*** Begin section ***
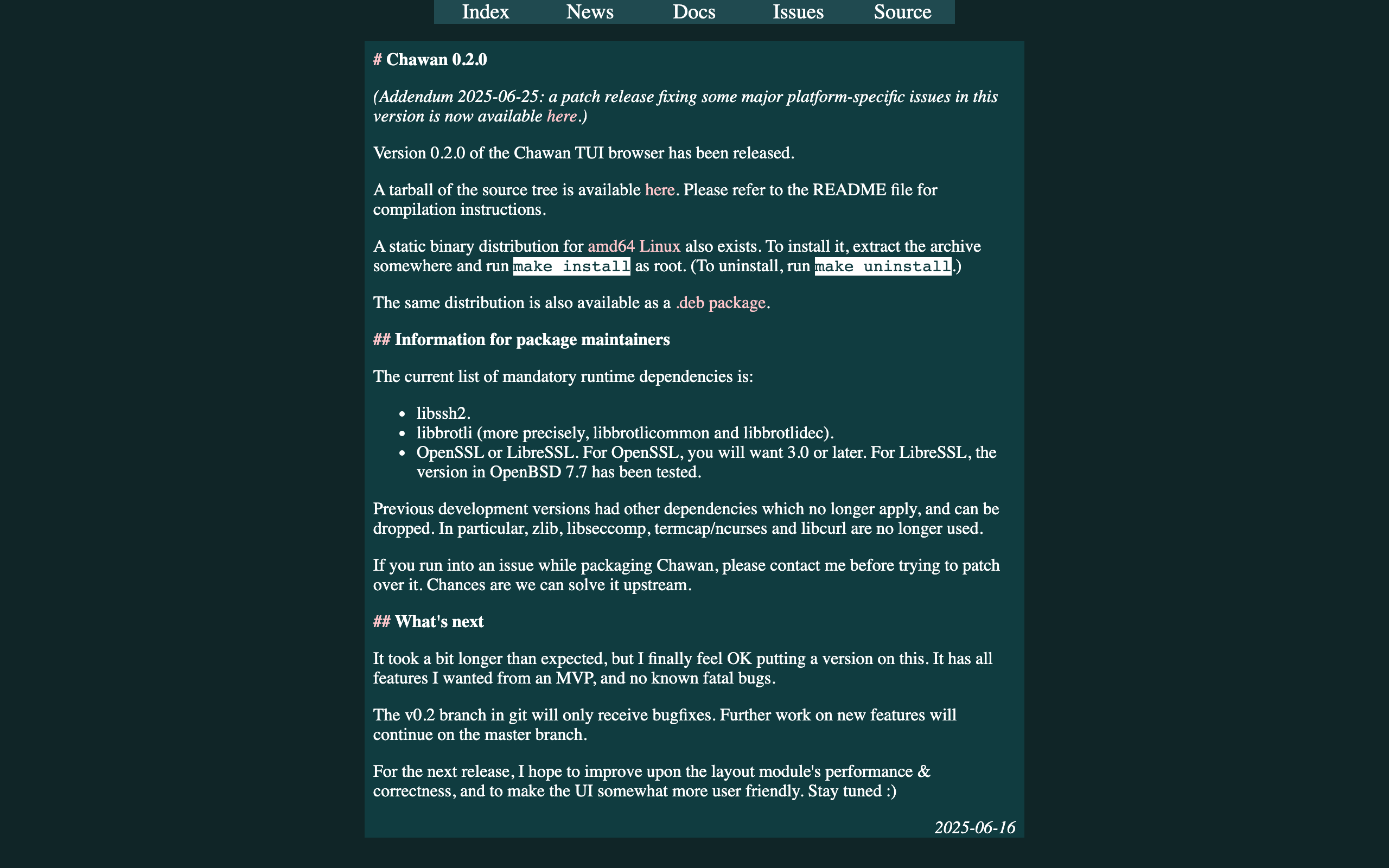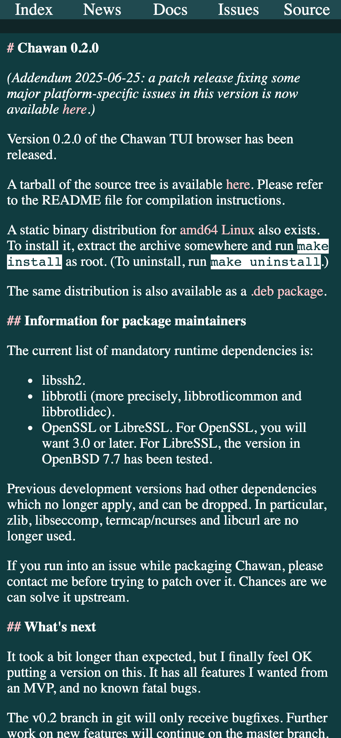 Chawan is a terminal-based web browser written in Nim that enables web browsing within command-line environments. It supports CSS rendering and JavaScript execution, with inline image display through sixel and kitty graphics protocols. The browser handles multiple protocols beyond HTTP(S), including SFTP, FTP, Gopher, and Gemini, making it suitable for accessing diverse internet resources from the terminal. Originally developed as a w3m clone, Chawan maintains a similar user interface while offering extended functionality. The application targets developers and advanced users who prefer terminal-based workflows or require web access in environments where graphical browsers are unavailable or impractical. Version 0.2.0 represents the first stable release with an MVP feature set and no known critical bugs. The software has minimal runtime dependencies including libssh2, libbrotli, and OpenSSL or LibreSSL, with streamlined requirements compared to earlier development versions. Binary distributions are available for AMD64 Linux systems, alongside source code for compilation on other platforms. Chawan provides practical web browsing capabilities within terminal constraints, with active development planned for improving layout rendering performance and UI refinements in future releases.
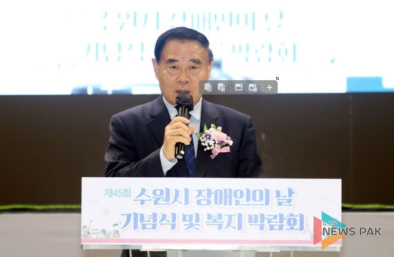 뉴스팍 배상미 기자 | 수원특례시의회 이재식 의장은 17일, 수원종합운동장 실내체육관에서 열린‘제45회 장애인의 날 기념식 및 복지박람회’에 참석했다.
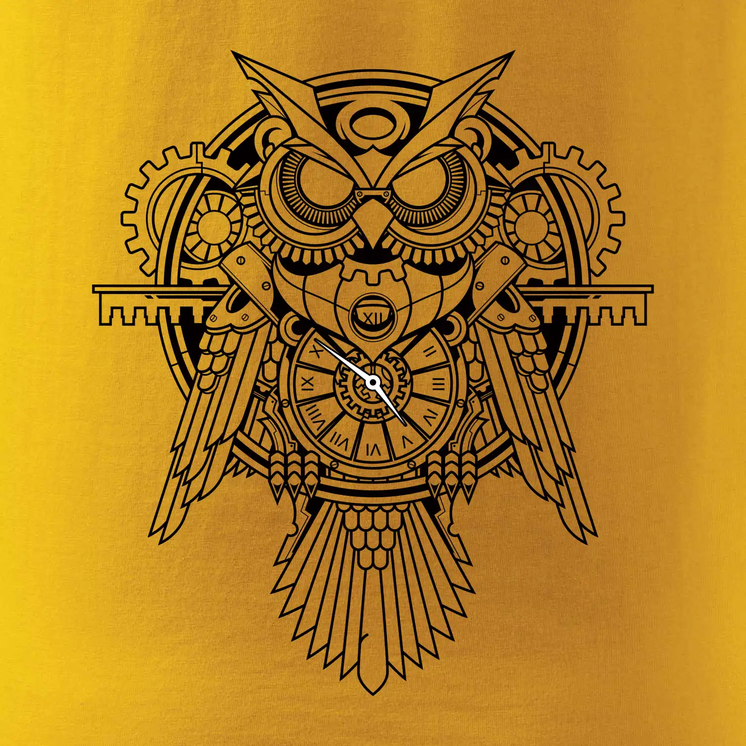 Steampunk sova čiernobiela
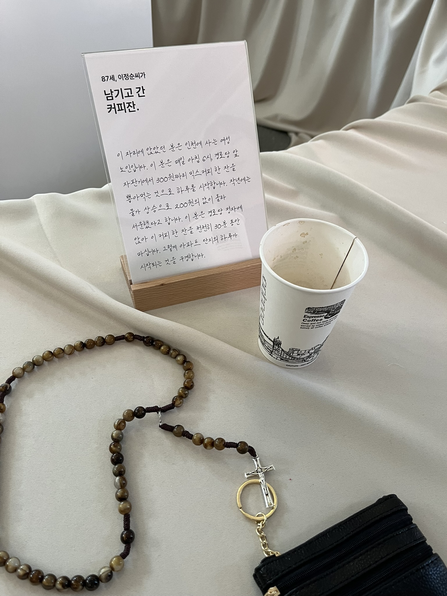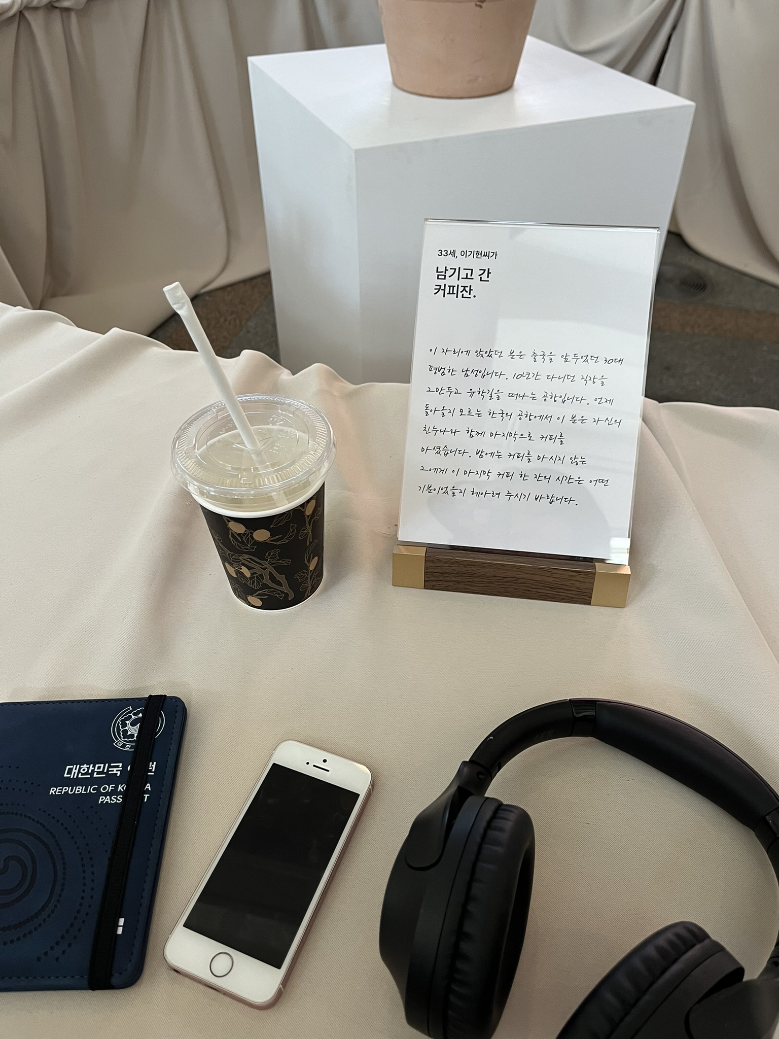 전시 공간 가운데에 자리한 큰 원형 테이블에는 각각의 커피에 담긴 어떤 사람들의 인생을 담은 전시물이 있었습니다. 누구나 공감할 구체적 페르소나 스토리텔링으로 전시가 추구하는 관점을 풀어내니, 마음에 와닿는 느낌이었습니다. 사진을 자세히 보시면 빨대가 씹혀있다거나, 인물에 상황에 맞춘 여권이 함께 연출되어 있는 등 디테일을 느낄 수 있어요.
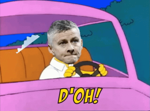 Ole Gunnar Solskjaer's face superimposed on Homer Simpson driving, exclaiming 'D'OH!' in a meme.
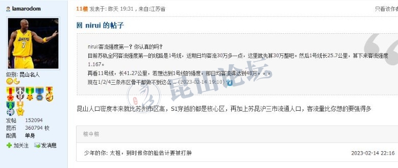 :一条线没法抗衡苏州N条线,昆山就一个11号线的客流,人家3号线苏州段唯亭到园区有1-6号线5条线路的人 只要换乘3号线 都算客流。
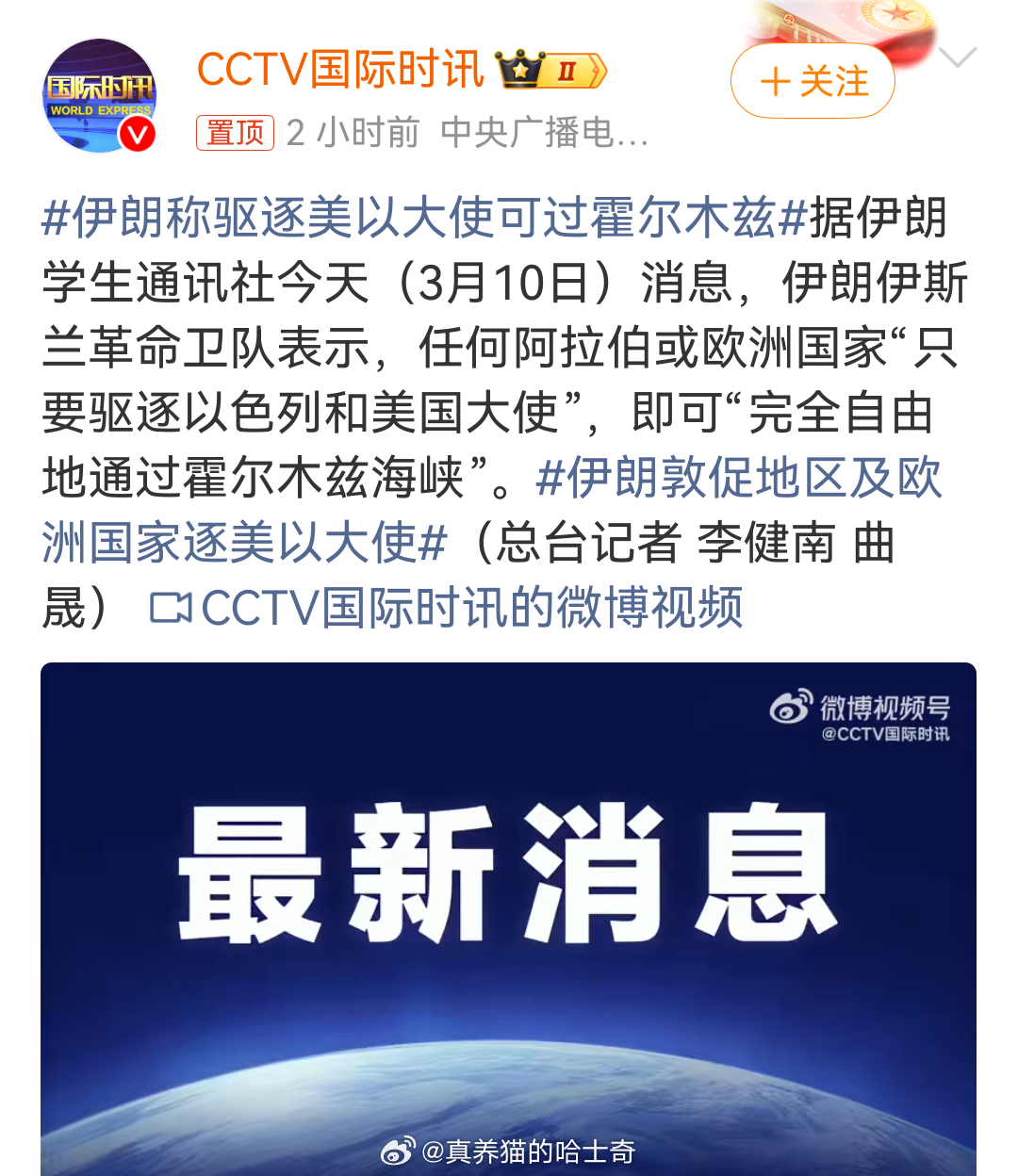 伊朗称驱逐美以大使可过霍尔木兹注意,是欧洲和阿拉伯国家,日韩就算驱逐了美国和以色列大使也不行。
*** End section ***
- **What the task requires**: Print the data once more without any change, skipping each picture.

- **Result**:
 Chawan is a terminal-based web browser written in Nim that enables web browsing within command-line environments. It supports CSS rendering and JavaScript execution, with inline image display through sixel and kitty graphics protocols. The browser handles multiple protocols beyond HTTP(S), including SFTP, FTP, Gopher, and Gemini, making it suitable for accessing diverse internet resources from the terminal. Originally developed as a w3m clone, Chawan maintains a similar user interface while offering extended functionality. The application targets developers and advanced users who prefer terminal-based workflows or require web access in environments where graphical browsers are unavailable or impractical. Version 0.2.0 represents the first stable release with an MVP feature set and no known critical bugs. The software has minimal runtime dependencies including libssh2, libbrotli, and OpenSSL or LibreSSL, with streamlined requirements compared to earlier development versions. Binary distributions are available for AMD64 Linux systems, alongside source code for compilation on other platforms. Chawan provides practical web browsing capabilities within terminal constraints, with active development planned for improving layout rendering performance and UI refinements in future releases.
 뉴스팍 배상미 기자 | 수원특례시의회 이재식 의장은 17일, 수원종합운동장 실내체육관에서 열린‘제45회 장애인의 날 기념식 및 복지박람회’에 참석했다.
 Steampunk sova čiernobiela
 전시 공간 가운데에 자리한 큰 원형 테이블에는 각각의 커피에 담긴 어떤 사람들의 인생을 담은 전시물이 있었습니다. 누구나 공감할 구체적 페르소나 스토리텔링으로 전시가 추구하는 관점을 풀어내니, 마음에 와닿는 느낌이었습니다. 사진을 자세히 보시면 빨대가 씹혀있다거나, 인물에 상황에 맞춘 여권이 함께 연출되어 있는 등 디테일을 느낄 수 있어요.
 Ole Gunnar Solskjaer's face superimposed on Homer Simpson driving, exclaiming 'D'OH!' in a meme.
 :一条线没法抗衡苏州N条线,昆山就一个11号线的客流,人家3号线苏州段唯亭到园区有1-6号线5条线路的人 只要换乘3号线 都算客流。
 伊朗称驱逐美以大使可过霍尔木兹注意,是欧洲和阿拉伯国家,日韩就算驱逐了美国和以色列大使也不行。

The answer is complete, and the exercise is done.